Shot Peening in the Automotive Industry
in Vol. 10 - November Issue - Year 2009
Shot or Laser Peening Low Alloy Steel Welded Joints?
It is common thinking that shot peening is more efficient when applied to high strength materials than to lower strength materials including steel weldings. This is due to the fact that lower yield stress restricts the magnitude of residual stresses and makes them more prone to relax when cyclic loads are applied. This is due to local plasticity that has an important role in determining the fatigue and not only strength of notched components. Thus, the application of shot peening is not so usual in steels with the yield stress of up to 400 MPa.
Indeed, there is not so much research devoted to investigating and clarifying the role of shot peening in improving the mechanical behaviour of this kind of materials; anyway, the known results prove an increment of the fatigue limit at 2.000.000 of between 10% and 90%, with R ranging from 0 to 0.1 (R is the ratio between the minimum and the maximum stress of the fatigue cycle). Most of this data refers to welded connections (butt welds, fillet welds, bead-on-welds).
For shorter life, the experimental results show a limited or negligible effect of shot peening.
Bear in mind these considerations, the supposed reason for this limited benefit gotten from shot peening, is that the residual stress field induced by shot peening is not deep enough to remain stable during the fatigue tests.
Thus, it is natural to think of applying some other surface treatment to welded connections of low resistant steels: it is also natural to think of laser peening, an emerging treatment that has been proven to induce much deeper residual stress fields than shot peening in almost all the cases investigated and analysed. In fact, laser peening showed a deeper penetration of residual stresses and a strong increment of fatigue life and fatigue strength was observed in steels and light alloys. If the previous results can be summarized, the consequence is that for high strength materials laser peening seems to be more effective that shot peening, the high cost being the only obstacle to its diffusion.
However, recently, the Society of Automotive Engineers Fatigue Design and Evaluation (SAEFDE) Committee, proposed by SAE, developed research aimed at verifying the real benefits achievable by applying laser peening and comparing it with the improvement of the fatigue behaviour due to traditional shot peening.

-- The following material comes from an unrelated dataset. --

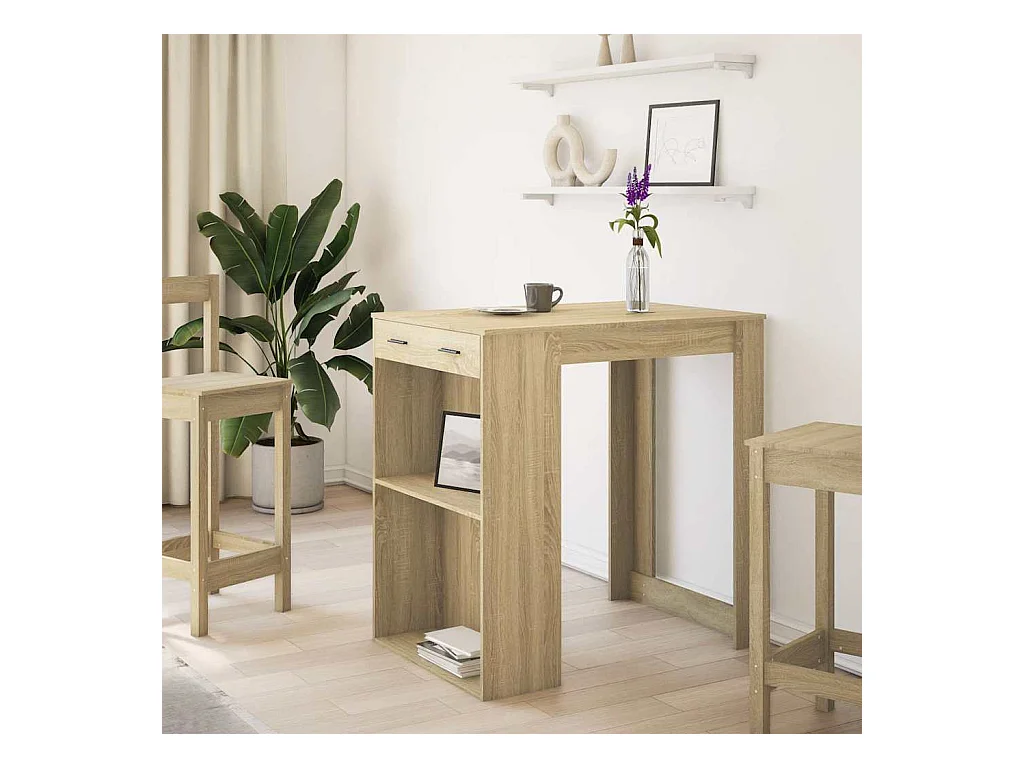 Table de bar avec étagère chêne artisanal bois d'ingénierie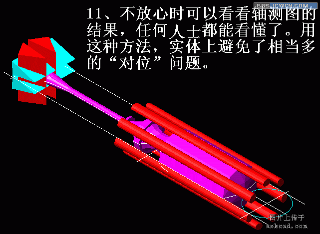 二、用好"点过滤",点过滤的作用在三维中尤其重要,刚开始时初学朋友不容易体会到这点。在第10集,我已经举个运用"点过滤"的例子,就是三点"剖切"实体的方法,用点过滤就非常方便地在一个视图中是找到三点。有朋友不明白我在前几种用点过滤垂直剖切的方法,这里就更详细地介绍一下。

Some of the results of this research were discussed at ICF 12 (12th International Conference on Fracture), Ottawa, July 2009. During that conference, some results of the research were presented by R.I. Stephens (University of Iowa). In his speech, Stephens described the tests done on a low carbon SAE 1010 cold rolled steel specimen (UTS = 390 MPa, Yield stress = 350 MPa, elongation = 42%). These latter were thin walled square tubes of 50.8 mm in width and height, 305 mm in length and with a wall thickness of 3.17 mm. A continuous seam weld ran the length of the tubes where the cold rolled tubes were joined together. All the tubular specimens received a transverse center weld bead on the surface adjacent to the seam weld.
Three groups of these specimens were formed (untreated, shot peened and laser peened) and fatigue tested. These latter tests consisted of constant amplitude tests and of variable amplitude tests. The fatigue cycle ratios R selected were R = 0.1 and R = 0.5.
Before the fatigue tests, residual stress measurements confirmed the ability of laser peening in causing a deeper residual stress field.
The results of the constant amplitude fatigue tests show that only when R = 0.1 is laser peening effectively able to improve the fatigue limit and life more than traditional shot peening, while for R = 0.5 shot peening proved to cause a more significant effect of the fatigue strength of the welded specimens. But what is more surprising is that in the case of variable amplitude fatigue tests, laser peening gives a negligible effect in terms of life increment, much less marked than the one caused by shot peening. The authors of the research conclude that in light of the previous results the application of laser peening is not justified bearing in mind the limited improvement of the fatigue behavior got by using the laser peened specimens.
Generally speaking, maybe it is the case that further research should be supported to better understand the action of laser peening that, on the base of the exeprimental results, cannot be related only to the depth of the residual stress field.